A chill ran down Gwyn's spine like a frigid wind.

"I am unsure regarding timing in my visions. The longer you were around Az, the more he was at risk. So, I told Merrill to add your name to the register for the Rite."

Breath stalled in Gwyn's lungs. Her body vibrated with a mute fury. Building and building. Sweat dotted her brow.

"You had Merrill put my name on that list."

Elain had the audacity to appear contrite. "I did. It was a last resort. I really didn't want to. Please believe me. I hoped if anything would get you to leave… well… You surprised me. The Valkyrie bravely stayed and Rhysand interfered— again ." Her nose scrunched. "After that, Merrill went a little out of her mind."

The middle sister strolled over to the window, her hands clasped behind her back. Gwyn's fingers stroked the hilt of her dagger, though she did not make a move. Not yet.

Gwyn snorted in disgust. "A little out of her mind? She tried to kill me!"

Elain's eyes clouded and paled, reminding Gwyn of a hazy sky before a squall. Warning her of Merrill's eyes before she charged.

"What did you do to Merrill, Elain?"

"You stayed, Gwyn—and every second you stay puts Azriel in danger. And I cannot allow that."


All day long, his shadows fidgeted. Unsettled and in perpetual motion, their melodies were a din of unease. He rolled his shoulders for the tenth time in the last fifteen minutes. Sighing, Azriel set aside her reports he'd barely gone through.

He rose from his black leather couch, where he'd lain after cleaning up the mess he and Gwyn had made, finally putting those bright blue monogrammed towels Mor had gifted him several Solstices ago to good use.

The bed was an absolute disaster. The sodden sheets left a tangled mess in the middle of the bed. His own damn fault, he supposed. After all, Az was the one who winnowed them straight from the bathtub to the bed.

Those sheets evoked the exquisite image of Gwyn only hours before. Curled underneath him, knees drawn to her chest as he pounded into her. Her freckled cheeks heavily flushed, pupils blown and glazed over with lust, forever etched in his mind.

A soaked, ruined bed and a flooded bathing chamber had certainly been fucking worth it.

With a smile, Azriel's eyes veered to the loose pile of discarded hairpins. A pair of earrings. The halved length of white ribbon on the counter. Gwyn's lovely Starfall dress hung up with care on the back of the bedroom door. And he couldn't get over how comforting it was to have her things in his space. To have her in his space. Imagine coming home to such a beautiful sight? Coming home to Gwyn. Did the shadowsinger dare dream of such a thing?

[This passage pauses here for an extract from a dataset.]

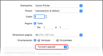 2 | Dal menu a comparsa delle opzioni di stampa, selezionare [Funzioni speciali]. Se non vengono visualizzate opzioni di stampa, fare clic su [Mostra dettagli] nella finestra di dialogo di stampa. |
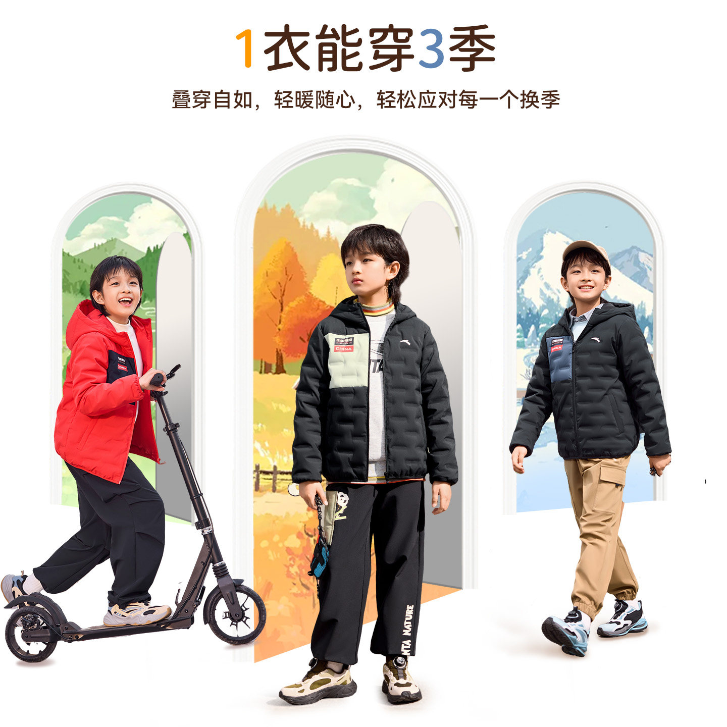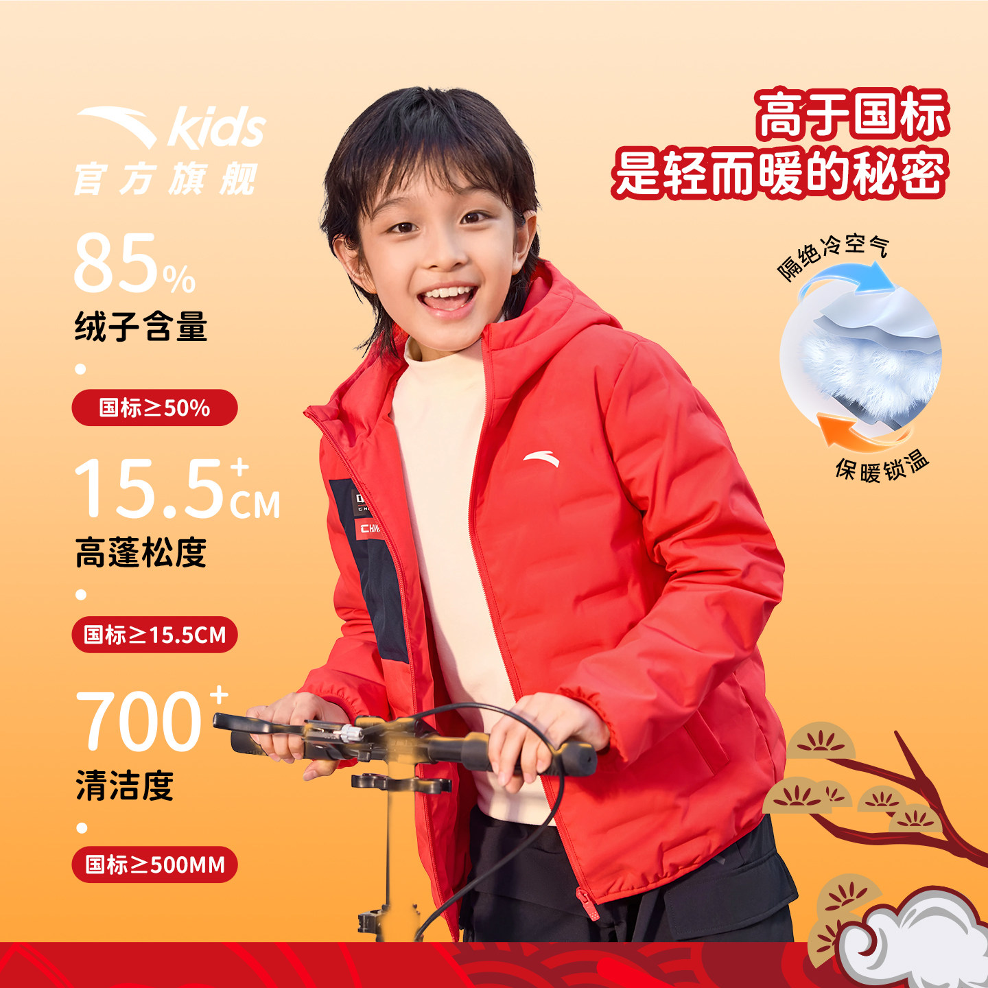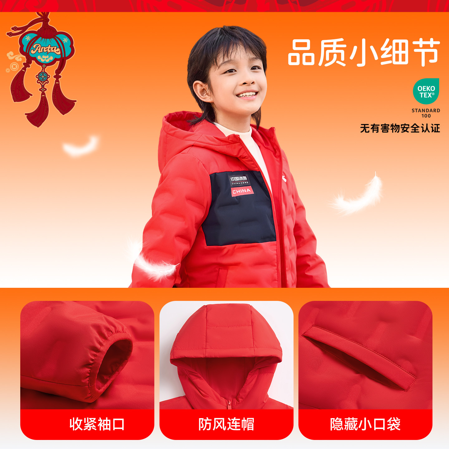 新年安踏儿童轻薄羽绒服男女童2025冬季新款连帽保暖加厚鸭绒红色

Restless shadows trembled around him again. Az rolled his shoulders. Mother's tits, why the hell wouldn't they stay still? Unruly beasts. Maybe they needed space. If he were honest, his own legs could use a stretch. Fresh air.

He quickly made his way out of his apartment, shooting up into the sky, the warm winds blowing in from the south a tender caress against his wings. With each wing beat and slide into a slipstream, he assumed his shadows would settle.

But no.

'What is going on with you all?' he finally asked.

'GwynGwynGwynGwynGwyn,' they chanted her name over and over.

'Calm down. She's only been gone for a few hours.'

'GwynGwynGwynGwynGwyn.' Their repeated requests had him on edge.

'Fine.'

His jaw clenched, wings snapping as he flew back to the river house. Only when he arrived, he found she was not there.

"When we headed inside, Elain and Gwyn were having a conversation in the garden," Feyre explained, tilting her head as she relaxed against the doorframe, bouncing Nyx on one hip. "But they aren't here."

His shadows swirled around his opening and closing fists at his side. "Do you know where they went?"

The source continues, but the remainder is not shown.